Return, unaltered, every line from the beginning of the material below up to and including the one with "この度は、手作りシルバーリン".
+--
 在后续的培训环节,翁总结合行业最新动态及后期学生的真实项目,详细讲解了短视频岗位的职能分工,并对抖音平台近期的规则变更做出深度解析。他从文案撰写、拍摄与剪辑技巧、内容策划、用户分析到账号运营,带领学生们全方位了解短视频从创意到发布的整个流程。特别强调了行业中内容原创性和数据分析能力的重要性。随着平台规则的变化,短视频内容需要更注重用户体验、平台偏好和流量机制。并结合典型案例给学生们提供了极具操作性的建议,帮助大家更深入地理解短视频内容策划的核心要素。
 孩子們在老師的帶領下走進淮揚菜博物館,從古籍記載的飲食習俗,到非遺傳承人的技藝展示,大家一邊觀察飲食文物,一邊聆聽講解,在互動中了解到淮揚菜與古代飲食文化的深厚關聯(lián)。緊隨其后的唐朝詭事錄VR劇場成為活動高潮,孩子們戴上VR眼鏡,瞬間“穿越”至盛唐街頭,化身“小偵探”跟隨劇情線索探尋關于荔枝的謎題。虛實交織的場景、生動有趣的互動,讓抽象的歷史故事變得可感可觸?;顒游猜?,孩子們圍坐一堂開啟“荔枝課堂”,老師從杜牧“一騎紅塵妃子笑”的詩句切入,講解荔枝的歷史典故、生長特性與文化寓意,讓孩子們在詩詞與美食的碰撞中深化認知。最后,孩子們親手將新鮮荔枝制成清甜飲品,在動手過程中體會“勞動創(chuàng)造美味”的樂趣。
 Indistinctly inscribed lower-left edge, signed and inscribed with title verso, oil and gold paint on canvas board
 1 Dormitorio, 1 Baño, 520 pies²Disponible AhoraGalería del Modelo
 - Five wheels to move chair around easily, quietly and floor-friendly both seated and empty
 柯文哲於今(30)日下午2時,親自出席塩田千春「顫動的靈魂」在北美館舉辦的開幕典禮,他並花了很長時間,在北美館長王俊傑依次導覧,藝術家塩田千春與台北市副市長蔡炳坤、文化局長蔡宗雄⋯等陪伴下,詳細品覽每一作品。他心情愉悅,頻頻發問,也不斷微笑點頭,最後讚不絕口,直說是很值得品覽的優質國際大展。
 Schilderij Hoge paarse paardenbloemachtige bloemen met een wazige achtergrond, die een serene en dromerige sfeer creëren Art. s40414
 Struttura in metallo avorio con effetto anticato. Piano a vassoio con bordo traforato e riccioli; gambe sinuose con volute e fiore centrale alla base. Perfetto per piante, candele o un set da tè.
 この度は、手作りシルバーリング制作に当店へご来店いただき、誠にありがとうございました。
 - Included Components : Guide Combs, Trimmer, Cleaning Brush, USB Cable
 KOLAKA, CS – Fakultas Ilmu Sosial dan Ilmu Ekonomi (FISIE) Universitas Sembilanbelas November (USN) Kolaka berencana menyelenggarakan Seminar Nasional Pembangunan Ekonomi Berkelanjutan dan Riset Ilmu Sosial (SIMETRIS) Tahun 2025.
+--
(Task response)
 在后续的培训环节,翁总结合行业最新动态及后期学生的真实项目,详细讲解了短视频岗位的职能分工,并对抖音平台近期的规则变更做出深度解析。他从文案撰写、拍摄与剪辑技巧、内容策划、用户分析到账号运营,带领学生们全方位了解短视频从创意到发布的整个流程。特别强调了行业中内容原创性和数据分析能力的重要性。随着平台规则的变化,短视频内容需要更注重用户体验、平台偏好和流量机制。并结合典型案例给学生们提供了极具操作性的建议,帮助大家更深入地理解短视频内容策划的核心要素。
 孩子們在老師的帶領下走進淮揚菜博物館,從古籍記載的飲食習俗,到非遺傳承人的技藝展示,大家一邊觀察飲食文物,一邊聆聽講解,在互動中了解到淮揚菜與古代飲食文化的深厚關聯(lián)。緊隨其后的唐朝詭事錄VR劇場成為活動高潮,孩子們戴上VR眼鏡,瞬間“穿越”至盛唐街頭,化身“小偵探”跟隨劇情線索探尋關于荔枝的謎題。虛實交織的場景、生動有趣的互動,讓抽象的歷史故事變得可感可觸?;顒游猜?,孩子們圍坐一堂開啟“荔枝課堂”,老師從杜牧“一騎紅塵妃子笑”的詩句切入,講解荔枝的歷史典故、生長特性與文化寓意,讓孩子們在詩詞與美食的碰撞中深化認知。最后,孩子們親手將新鮮荔枝制成清甜飲品,在動手過程中體會“勞動創(chuàng)造美味”的樂趣。
 Indistinctly inscribed lower-left edge, signed and inscribed with title verso, oil and gold paint on canvas board
 1 Dormitorio, 1 Baño, 520 pies²Disponible AhoraGalería del Modelo
 - Five wheels to move chair around easily, quietly and floor-friendly both seated and empty
 柯文哲於今(30)日下午2時,親自出席塩田千春「顫動的靈魂」在北美館舉辦的開幕典禮,他並花了很長時間,在北美館長王俊傑依次導覧,藝術家塩田千春與台北市副市長蔡炳坤、文化局長蔡宗雄⋯等陪伴下,詳細品覽每一作品。他心情愉悅,頻頻發問,也不斷微笑點頭,最後讚不絕口,直說是很值得品覽的優質國際大展。
 Schilderij Hoge paarse paardenbloemachtige bloemen met een wazige achtergrond, die een serene en dromerige sfeer creëren Art. s40414
 Struttura in metallo avorio con effetto anticato. Piano a vassoio con bordo traforato e riccioli; gambe sinuose con volute e fiore centrale alla base. Perfetto per piante, candele o un set da tè.
 この度は、手作りシルバーリング制作に当店へご来店いただき、誠にありがとうございました。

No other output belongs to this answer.